→ **TASK OBJECTIVE**
Which lines of the entries contain the string "pour"? Copy each of them.

ENTRIES PROVIDED START

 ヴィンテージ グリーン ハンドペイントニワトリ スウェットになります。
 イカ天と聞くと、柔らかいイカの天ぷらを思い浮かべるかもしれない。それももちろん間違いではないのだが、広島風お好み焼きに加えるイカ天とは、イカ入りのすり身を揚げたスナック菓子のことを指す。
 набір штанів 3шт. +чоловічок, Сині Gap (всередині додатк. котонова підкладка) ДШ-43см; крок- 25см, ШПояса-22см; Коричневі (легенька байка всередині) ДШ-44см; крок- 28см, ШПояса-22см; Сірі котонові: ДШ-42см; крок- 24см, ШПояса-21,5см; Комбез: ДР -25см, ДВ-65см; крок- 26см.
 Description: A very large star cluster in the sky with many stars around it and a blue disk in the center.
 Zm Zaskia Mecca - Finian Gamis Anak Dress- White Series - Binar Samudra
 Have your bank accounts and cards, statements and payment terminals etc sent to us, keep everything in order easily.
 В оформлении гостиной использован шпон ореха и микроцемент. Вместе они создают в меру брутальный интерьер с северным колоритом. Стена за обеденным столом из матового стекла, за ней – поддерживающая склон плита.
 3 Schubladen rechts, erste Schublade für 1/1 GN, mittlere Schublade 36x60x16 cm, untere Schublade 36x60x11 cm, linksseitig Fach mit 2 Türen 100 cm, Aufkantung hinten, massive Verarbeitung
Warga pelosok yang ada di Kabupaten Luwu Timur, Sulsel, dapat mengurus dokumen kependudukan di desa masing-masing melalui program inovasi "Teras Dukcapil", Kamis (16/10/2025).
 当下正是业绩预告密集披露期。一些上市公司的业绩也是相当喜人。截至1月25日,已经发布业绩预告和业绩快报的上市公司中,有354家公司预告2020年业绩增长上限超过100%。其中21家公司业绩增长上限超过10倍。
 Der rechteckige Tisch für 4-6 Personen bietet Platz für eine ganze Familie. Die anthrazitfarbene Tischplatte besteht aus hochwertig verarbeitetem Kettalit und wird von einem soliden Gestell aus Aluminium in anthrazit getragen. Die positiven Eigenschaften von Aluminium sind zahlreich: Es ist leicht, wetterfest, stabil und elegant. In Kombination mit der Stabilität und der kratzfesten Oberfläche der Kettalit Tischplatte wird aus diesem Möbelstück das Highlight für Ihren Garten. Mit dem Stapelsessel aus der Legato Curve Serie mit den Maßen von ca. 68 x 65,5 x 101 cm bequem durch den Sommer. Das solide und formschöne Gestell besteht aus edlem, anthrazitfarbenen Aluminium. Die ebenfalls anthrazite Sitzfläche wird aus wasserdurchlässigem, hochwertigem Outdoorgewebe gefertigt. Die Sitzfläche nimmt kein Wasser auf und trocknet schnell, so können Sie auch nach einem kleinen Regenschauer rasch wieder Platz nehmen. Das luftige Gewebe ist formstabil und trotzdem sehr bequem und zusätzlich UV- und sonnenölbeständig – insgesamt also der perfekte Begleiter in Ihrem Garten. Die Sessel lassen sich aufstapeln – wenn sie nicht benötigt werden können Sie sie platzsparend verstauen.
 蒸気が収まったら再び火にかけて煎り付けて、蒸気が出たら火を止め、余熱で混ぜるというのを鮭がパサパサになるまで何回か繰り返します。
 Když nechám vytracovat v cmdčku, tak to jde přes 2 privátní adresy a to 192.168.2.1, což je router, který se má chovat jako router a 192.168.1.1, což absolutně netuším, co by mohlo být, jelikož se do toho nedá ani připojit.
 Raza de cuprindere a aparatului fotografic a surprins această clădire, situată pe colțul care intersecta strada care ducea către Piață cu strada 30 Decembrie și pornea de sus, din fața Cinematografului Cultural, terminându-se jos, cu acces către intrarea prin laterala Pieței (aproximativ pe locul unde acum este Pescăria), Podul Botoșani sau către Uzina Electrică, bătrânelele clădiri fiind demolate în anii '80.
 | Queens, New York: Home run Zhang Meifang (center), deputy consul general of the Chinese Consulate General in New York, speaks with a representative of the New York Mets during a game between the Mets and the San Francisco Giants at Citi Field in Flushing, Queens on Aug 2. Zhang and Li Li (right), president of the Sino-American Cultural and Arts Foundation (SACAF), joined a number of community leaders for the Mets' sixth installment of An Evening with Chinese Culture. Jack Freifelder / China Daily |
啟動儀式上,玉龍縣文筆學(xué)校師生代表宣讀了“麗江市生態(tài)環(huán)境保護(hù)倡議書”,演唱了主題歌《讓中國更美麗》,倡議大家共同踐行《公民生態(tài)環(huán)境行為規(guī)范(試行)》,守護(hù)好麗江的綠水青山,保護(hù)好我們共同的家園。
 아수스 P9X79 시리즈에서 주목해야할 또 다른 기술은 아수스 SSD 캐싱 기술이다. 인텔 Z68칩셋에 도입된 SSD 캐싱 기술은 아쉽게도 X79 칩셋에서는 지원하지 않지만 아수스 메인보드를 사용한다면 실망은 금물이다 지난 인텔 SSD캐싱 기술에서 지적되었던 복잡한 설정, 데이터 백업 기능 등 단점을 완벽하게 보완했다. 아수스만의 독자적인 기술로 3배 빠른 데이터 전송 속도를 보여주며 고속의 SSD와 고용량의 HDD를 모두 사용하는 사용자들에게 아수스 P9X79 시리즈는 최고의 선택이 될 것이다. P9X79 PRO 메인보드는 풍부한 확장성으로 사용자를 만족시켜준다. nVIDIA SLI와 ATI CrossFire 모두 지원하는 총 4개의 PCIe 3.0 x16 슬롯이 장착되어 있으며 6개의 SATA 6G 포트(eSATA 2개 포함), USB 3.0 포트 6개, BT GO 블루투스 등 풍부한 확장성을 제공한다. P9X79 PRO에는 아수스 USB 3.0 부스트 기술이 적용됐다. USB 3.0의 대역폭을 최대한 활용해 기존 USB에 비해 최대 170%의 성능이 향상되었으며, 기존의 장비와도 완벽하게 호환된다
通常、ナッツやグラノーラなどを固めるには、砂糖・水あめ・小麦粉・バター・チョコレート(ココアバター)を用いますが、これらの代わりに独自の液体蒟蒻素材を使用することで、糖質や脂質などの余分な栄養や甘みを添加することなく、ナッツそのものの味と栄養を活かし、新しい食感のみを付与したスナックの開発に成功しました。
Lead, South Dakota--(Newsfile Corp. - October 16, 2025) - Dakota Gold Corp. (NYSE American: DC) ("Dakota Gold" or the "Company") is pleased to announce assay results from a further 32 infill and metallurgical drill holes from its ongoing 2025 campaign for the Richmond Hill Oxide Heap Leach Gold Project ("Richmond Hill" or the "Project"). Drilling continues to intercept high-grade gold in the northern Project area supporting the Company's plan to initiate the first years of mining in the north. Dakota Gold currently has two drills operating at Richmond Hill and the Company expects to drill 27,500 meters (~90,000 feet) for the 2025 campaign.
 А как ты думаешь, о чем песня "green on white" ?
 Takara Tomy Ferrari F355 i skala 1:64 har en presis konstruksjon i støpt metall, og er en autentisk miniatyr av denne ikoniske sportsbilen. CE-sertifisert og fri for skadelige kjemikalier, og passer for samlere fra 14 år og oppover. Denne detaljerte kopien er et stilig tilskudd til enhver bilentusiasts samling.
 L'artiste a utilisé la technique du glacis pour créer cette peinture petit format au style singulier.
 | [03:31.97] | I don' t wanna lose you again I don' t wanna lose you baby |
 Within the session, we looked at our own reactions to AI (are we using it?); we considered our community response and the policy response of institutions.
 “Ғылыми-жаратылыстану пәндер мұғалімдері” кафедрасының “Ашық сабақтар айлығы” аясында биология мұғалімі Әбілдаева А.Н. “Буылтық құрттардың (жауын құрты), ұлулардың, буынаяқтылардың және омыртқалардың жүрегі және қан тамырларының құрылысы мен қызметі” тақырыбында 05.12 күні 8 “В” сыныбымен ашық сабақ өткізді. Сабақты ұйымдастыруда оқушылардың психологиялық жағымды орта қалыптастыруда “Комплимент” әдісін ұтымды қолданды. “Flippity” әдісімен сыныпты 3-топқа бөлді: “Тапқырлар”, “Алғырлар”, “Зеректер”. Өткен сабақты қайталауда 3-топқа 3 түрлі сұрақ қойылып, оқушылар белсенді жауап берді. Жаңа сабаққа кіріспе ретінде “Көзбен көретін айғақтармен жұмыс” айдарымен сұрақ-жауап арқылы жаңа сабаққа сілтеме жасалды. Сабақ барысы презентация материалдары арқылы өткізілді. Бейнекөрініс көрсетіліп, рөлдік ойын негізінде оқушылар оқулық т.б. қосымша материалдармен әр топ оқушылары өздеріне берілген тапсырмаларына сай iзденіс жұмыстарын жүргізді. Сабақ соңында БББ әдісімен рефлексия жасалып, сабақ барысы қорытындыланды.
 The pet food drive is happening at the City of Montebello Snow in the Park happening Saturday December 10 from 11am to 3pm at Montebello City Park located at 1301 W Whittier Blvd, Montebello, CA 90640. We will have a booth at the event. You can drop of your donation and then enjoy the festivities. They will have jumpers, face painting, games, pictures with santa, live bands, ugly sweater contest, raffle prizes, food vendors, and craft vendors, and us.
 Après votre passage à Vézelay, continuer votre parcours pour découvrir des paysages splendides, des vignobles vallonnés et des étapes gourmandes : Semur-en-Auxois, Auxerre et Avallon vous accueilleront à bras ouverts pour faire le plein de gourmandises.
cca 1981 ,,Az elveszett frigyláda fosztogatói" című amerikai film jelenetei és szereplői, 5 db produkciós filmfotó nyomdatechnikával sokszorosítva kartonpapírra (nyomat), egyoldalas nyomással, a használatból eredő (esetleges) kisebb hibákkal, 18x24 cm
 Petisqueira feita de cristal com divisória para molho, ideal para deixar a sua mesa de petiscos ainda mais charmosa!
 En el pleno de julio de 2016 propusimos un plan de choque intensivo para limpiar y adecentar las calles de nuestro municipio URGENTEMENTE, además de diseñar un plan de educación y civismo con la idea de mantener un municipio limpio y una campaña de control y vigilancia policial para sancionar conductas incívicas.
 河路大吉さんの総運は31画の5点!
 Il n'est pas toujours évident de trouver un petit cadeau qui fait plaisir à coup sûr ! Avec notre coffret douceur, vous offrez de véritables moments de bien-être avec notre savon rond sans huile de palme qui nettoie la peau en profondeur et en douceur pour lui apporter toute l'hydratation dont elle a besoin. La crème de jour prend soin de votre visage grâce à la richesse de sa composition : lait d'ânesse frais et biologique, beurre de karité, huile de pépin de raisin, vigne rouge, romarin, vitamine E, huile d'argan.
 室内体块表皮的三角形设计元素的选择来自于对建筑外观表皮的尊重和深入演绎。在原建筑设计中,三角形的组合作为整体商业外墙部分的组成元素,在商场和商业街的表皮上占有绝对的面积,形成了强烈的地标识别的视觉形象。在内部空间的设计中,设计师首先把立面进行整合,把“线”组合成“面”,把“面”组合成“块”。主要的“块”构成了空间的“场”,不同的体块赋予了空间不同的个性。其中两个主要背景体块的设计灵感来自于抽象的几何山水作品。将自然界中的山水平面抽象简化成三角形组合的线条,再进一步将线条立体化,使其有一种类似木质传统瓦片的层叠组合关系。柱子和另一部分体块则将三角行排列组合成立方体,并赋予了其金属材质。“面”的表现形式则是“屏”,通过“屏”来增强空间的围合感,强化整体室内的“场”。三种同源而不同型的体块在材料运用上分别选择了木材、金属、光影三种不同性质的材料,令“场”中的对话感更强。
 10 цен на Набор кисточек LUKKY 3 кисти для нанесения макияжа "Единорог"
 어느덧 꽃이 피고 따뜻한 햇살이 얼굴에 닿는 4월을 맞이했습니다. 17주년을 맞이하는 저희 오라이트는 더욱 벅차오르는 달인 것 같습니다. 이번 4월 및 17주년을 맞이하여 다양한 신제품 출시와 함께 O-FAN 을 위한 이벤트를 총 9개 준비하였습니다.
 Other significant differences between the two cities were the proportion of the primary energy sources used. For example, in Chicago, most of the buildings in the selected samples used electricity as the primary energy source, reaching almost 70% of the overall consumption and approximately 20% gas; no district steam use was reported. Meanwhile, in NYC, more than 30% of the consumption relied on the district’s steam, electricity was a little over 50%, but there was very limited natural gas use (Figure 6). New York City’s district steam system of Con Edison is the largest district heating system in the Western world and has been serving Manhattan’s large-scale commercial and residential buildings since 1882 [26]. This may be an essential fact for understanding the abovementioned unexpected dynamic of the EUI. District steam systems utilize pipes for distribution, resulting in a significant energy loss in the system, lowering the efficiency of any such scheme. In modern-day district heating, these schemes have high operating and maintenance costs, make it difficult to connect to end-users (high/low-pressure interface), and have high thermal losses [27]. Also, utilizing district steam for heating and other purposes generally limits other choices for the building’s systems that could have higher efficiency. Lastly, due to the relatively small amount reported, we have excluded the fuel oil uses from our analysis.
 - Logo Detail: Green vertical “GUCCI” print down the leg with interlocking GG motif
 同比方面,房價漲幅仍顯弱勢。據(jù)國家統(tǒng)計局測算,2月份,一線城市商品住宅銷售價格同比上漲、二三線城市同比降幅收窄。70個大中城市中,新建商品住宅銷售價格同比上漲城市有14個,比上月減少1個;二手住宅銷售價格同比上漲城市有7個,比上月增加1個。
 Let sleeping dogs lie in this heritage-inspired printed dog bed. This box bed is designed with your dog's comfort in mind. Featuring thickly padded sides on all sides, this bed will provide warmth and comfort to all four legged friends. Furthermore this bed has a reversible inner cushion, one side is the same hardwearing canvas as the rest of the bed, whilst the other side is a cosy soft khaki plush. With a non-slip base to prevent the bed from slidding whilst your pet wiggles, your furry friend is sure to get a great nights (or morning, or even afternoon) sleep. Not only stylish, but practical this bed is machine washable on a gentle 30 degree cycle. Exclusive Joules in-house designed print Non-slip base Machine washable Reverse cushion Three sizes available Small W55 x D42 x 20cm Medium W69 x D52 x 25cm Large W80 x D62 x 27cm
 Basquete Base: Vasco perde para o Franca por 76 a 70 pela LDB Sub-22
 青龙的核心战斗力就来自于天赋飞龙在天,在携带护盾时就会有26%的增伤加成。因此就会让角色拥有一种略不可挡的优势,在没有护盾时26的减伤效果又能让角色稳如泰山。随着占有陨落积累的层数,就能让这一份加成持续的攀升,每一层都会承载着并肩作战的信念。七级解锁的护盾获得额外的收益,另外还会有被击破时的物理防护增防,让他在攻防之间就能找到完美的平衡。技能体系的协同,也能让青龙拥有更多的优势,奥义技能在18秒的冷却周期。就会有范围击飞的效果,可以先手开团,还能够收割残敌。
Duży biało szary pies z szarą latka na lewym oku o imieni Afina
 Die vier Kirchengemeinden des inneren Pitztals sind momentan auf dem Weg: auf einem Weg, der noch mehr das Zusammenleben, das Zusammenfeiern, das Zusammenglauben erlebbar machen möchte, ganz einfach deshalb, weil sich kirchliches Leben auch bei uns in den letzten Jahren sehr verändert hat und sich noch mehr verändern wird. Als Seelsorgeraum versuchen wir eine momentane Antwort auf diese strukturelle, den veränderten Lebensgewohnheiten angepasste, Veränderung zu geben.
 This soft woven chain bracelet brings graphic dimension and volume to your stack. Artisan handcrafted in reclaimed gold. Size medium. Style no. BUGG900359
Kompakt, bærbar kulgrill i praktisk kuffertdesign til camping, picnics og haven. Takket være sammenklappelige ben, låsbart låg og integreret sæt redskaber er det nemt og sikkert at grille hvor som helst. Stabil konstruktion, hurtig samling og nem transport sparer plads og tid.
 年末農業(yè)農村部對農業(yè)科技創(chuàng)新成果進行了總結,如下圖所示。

ENTRIES PROVIDED END

→ **YOUR SOLUTION**
 L'artiste a utilisé la technique du glacis pour créer cette peinture petit format au style singulier.
 Après votre passage à Vézelay, continuer votre parcours pour découvrir des paysages splendides, des vignobles vallonnés et des étapes gourmandes : Semur-en-Auxois, Auxerre et Avallon vous accueilleront à bras ouverts pour faire le plein de gourmandises.
 Il n'est pas toujours évident de trouver un petit cadeau qui fait plaisir à coup sûr ! Avec notre coffret douceur, vous offrez de véritables moments de bien-être avec notre savon rond sans huile de palme qui nettoie la peau en profondeur et en douceur pour lui apporter toute l'hydratation dont elle a besoin. La crème de jour prend soin de votre visage grâce à la richesse de sa composition : lait d'ânesse frais et biologique, beurre de karité, huile de pépin de raisin, vigne rouge, romarin, vitamine E, huile d'argan.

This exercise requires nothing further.